F1 Tilts Engines Back To Combustion Power For 2027 And 2028
Formula 1

F1 Tilts Engines Back To Combustion Power For 2027 And 2028

11 June 2026 3 min readBy F1 Drive Desk (AI-assisted)

Formula 1 has agreed a staged retreat from the 50-50 power split for 2027 and 2028, handing more output back to the combustion engine after Verstappen and Alonso led the criticism.

Key Takeaways

  • 1.The governing body called the plan "a staged rebalancing of Internal Combustion Engine and Energy Recovery System contribution across the 2027 and 2028 seasons," and it will be put to the World Motor Sport Council in Macau on June 23.
  • 2.Fernando Alonso had mockingly branded the 2026 formula a "battery world championship," arguing drivers were nursing their energy rather than attacking.
  • 3.Over the same stretch the internal combustion engine's output rises from 400kW to 420kW and then 450kW on the back of extra fuel flow, while the MGU-K's deployment drops from 350kW to 300kW, albeit with a 350kW "overtake" mode kept in reserve.

The political stalemate over Formula 1's power units has finally cracked.
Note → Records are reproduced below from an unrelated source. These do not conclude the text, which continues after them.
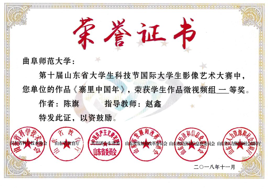 我校学子在山东省大学生科技节国际影像艺术大赛中喜获佳绩
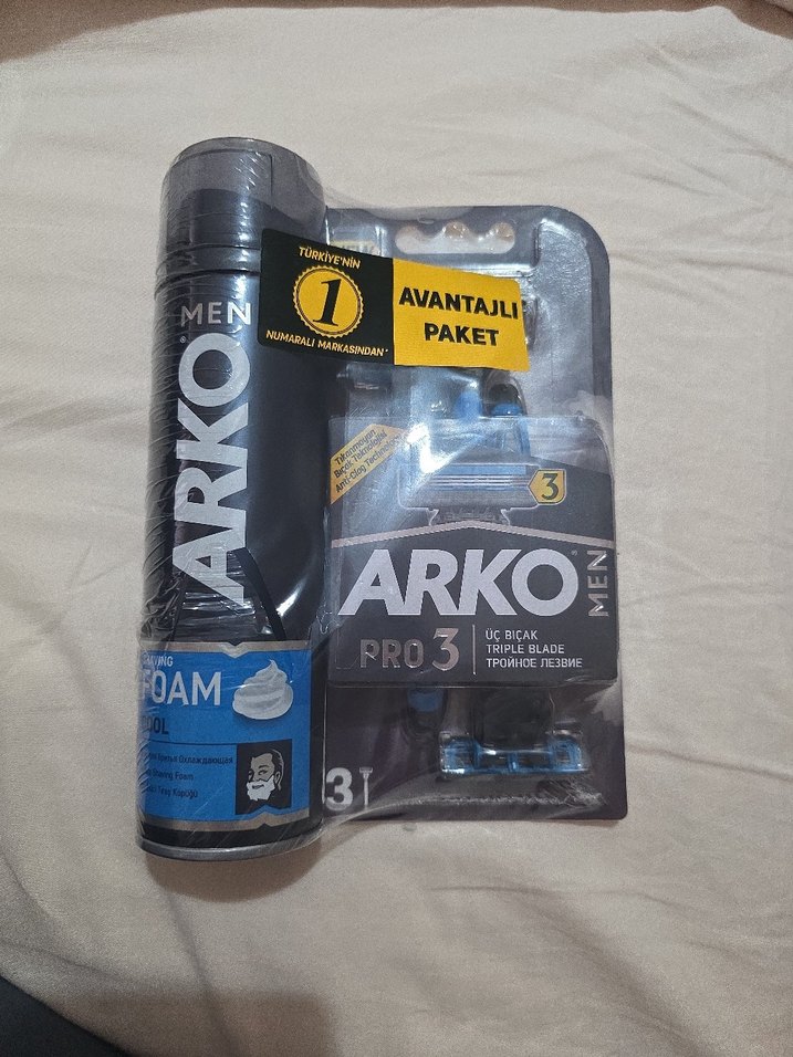 Arko Men Pro3 tıraş köpüğü ve üç bıçaklı jilet içeren avantajlı paket. Türkiye'nin lider markasından tıraş seti.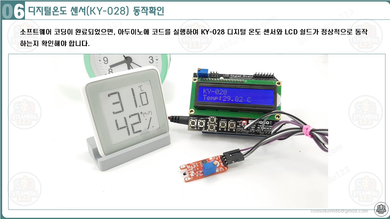KY-028 디지털 온도 센서와 LCD 쉴드가 제대로 동작하는지 확인하기 위한 단계는 다음과 같습니다: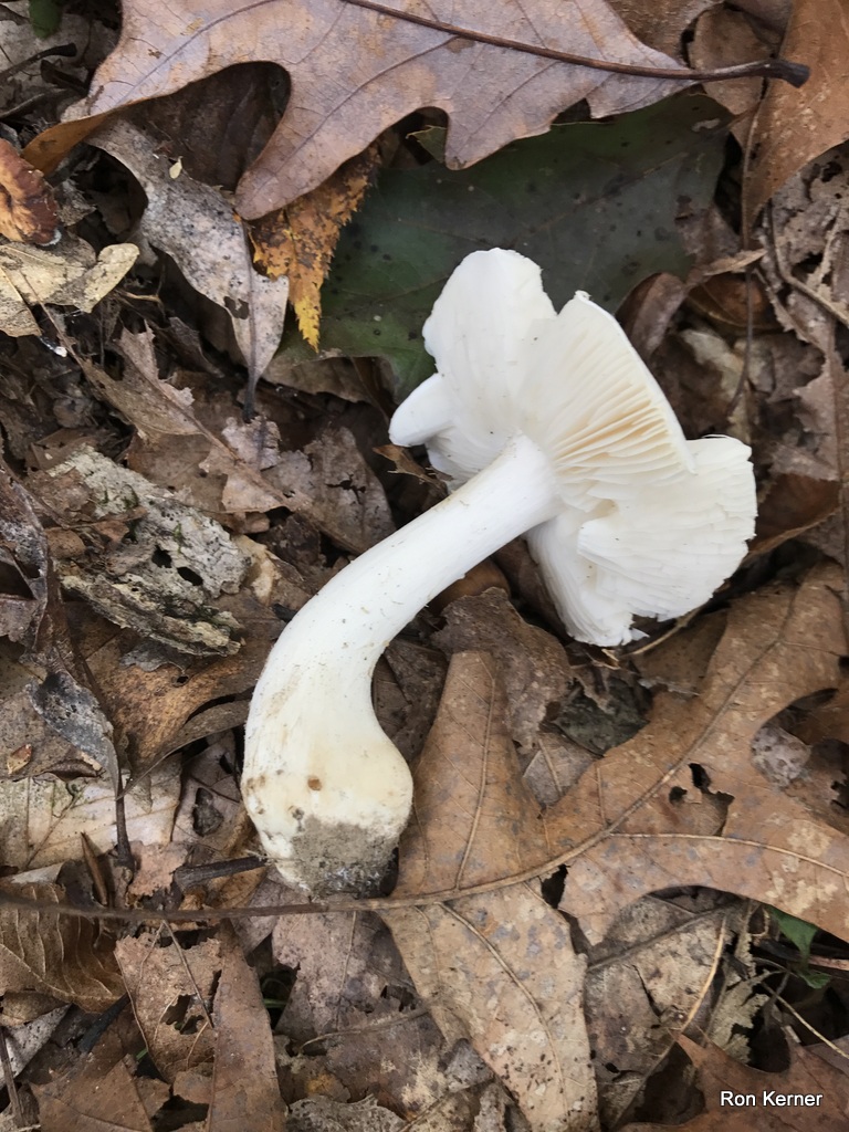 Came upon this raggedy all white, nondescript mushroom at the end of a hike and almost passed it by. But the faint bluing at the center of the cap caught my eye and I snapped a couple pics and collected the single specimen. Oak/beech woods; fall. White spore print. Large stature. Blue and brown coloration at center of cap. Gills attached by a notch. Swollen base. |

The FIA, F1 and the engine manufacturers have signed off on a phased rewrite of the rules that walks the 2027 and 2028 cars back from the divisive 50-50 balance between combustion and electrical power.

Crucially, the shift arrives in stages rather than all at once. The combustion-to-electric ratio is set to move from 53/47 in 2026 to 58/42 in 2027, then 60/40 in 2028. Over the same stretch the internal combustion engine's output rises from 400kW to 420kW and then 450kW on the back of extra fuel flow, while the MGU-K's deployment drops from 350kW to 300kW, albeit with a 350kW "overtake" mode kept in reserve. The governing body called the plan "a staged rebalancing of Internal Combustion Engine and Energy Recovery System contribution across the 2027 and 2028 seasons," and it will be put to the World Motor Sport Council in Macau on June 23.

Max Verstappen, the man whose exit threats hung over the entire debate, greeted the outcome with measured approval rather than celebration.

"It's definitely heading into a very positive direction. I think it's the minimum I was hoping for," Verstappen said. "I just want a good product in Formula 1, and that will for sure improve the product."

He was far from alone in his grievances. Fernando Alonso had mockingly branded the 2026 formula a "battery world championship," arguing drivers were nursing their energy rather than attacking. The revised figures are meant to cure precisely that, giving the cars more to lean on through the corners and down the straights.

For the FIA, the deal is evidence the sport can correct course on its own. "Formula 1 has always evolved to meet new challenges and seize new opportunities," president Mohammed Ben Sulayem said. "These proposed changes reflect the collaborative work taking place across the sport to ensure the regulations continue to support exciting racing, technological innovation and long-term sustainability."

Others are bracing for the haggling still to come. McLaren chief Zak Brown backed the appetite for change but cautioned that the hardest negotiations lie ahead. "I think there's a good consensus that changes still need to happen," he said. "I'm encouraged that there will be, but then everyone's going to arm wrestle over specifically what those are." He urged rivals to look past their own interests: "People need to park their personal agendas, what they think might make it more competitive or less competitive, and all collaborate."

Red Bull's Laurent Mekies, who runs Verstappen's team, wanted the matter closed for good rather than relitigated season after season. "I think we should fix it once and for all and not have this as a recurring topic," he said.

Because the manufacturers are already committed to their 2026 hardware, none of this alters the current title race, where Kimi Antonelli holds a commanding lead. Yet after a winter dominated by Verstappen's threats to walk and Alonso's withering verdicts, simply settling on a direction feels like a meaningful step.